LTS and release methodology

Evan eapache at
Mon Jul 7 17:45:04 UTC 2008

On Mon, Jul 7, 2008 at 1:04 PM, Matt Zimmerman <mdz at> wrote:

> On Mon, Jul 07, 2008 at 10:43:44AM -0500, Luke L wrote:
>> Considerations for an LTS
>> One idea to prevent such a rush of higher version numbers and new gadgets
>> from breaking a distro is to use a "STS" release as an LTS. For example,
>> Freeze the software versions in 7.10 for use in 8.04, and work on fixing
>> every error reported in those 6 months before the LTS release. This would
>> allow the "beta" of the LTS to be based on an official release, with the
>> testing and feedback of every user of the OS. This would next apply to the
>> 9.04 release, in preparation for the 9.10 LTS (assuming Ubuntu keeps its
>> 6-18 month dev cycle).
>> This solution may seem extreme for a distribution on the "bleeding edge",
>> but if Ubuntu plans to get respect in the mainstream, a balance must be
>> found between development and stability. Currently, that balance is too far
>> toward the former.
> This is a very difficult balance to strike, and we have considered many
> approaches (including the one you describe above).  None of them are
> perfect, and the tradeoffs are complex.

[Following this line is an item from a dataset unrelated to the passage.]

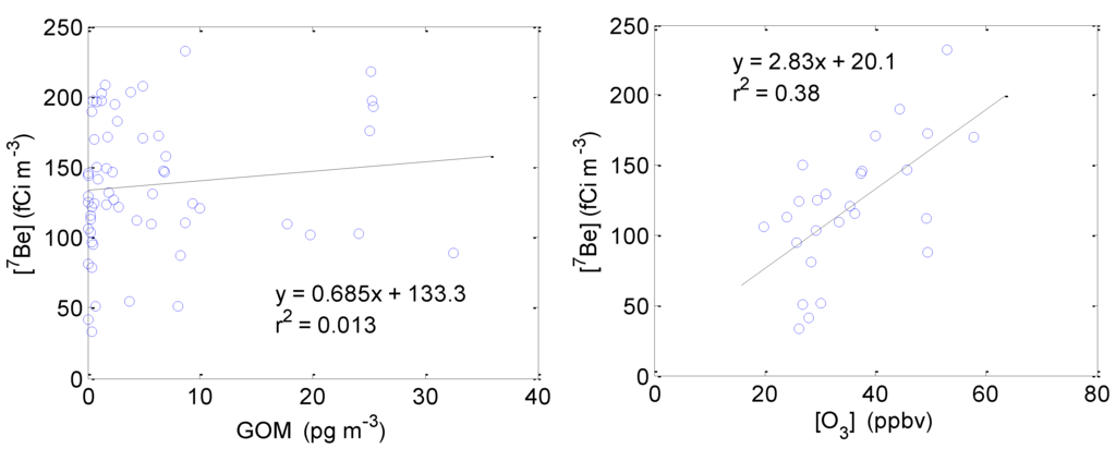 Correlation between 7Be and GOM for the entire study (Left) and between 7Be and ozone for nighttime periods when the solar radiation was less than 200 W∙m−2 (Right) during the spring 2011 intensive. Hourly GOM and ozone measurements were averaged based on the time periods when 7Be samples were collected.

I would propose a compromise between the current LTS pattern and the
proposed bug-fix only pattern: maintain the current upstream merge, but add
no new packages. That way newer software is still in the repositories (and
thus supported upstream for the longest time possible), but the more
intrepid changes (ex: pulseaudio) are dropped. Users get a system that is
still up-to-date, and developers get much more time to fix bugs.

Decisions would have to be made on an individual basis for packages that are
officially discontinued upstream in favour of newer implementations.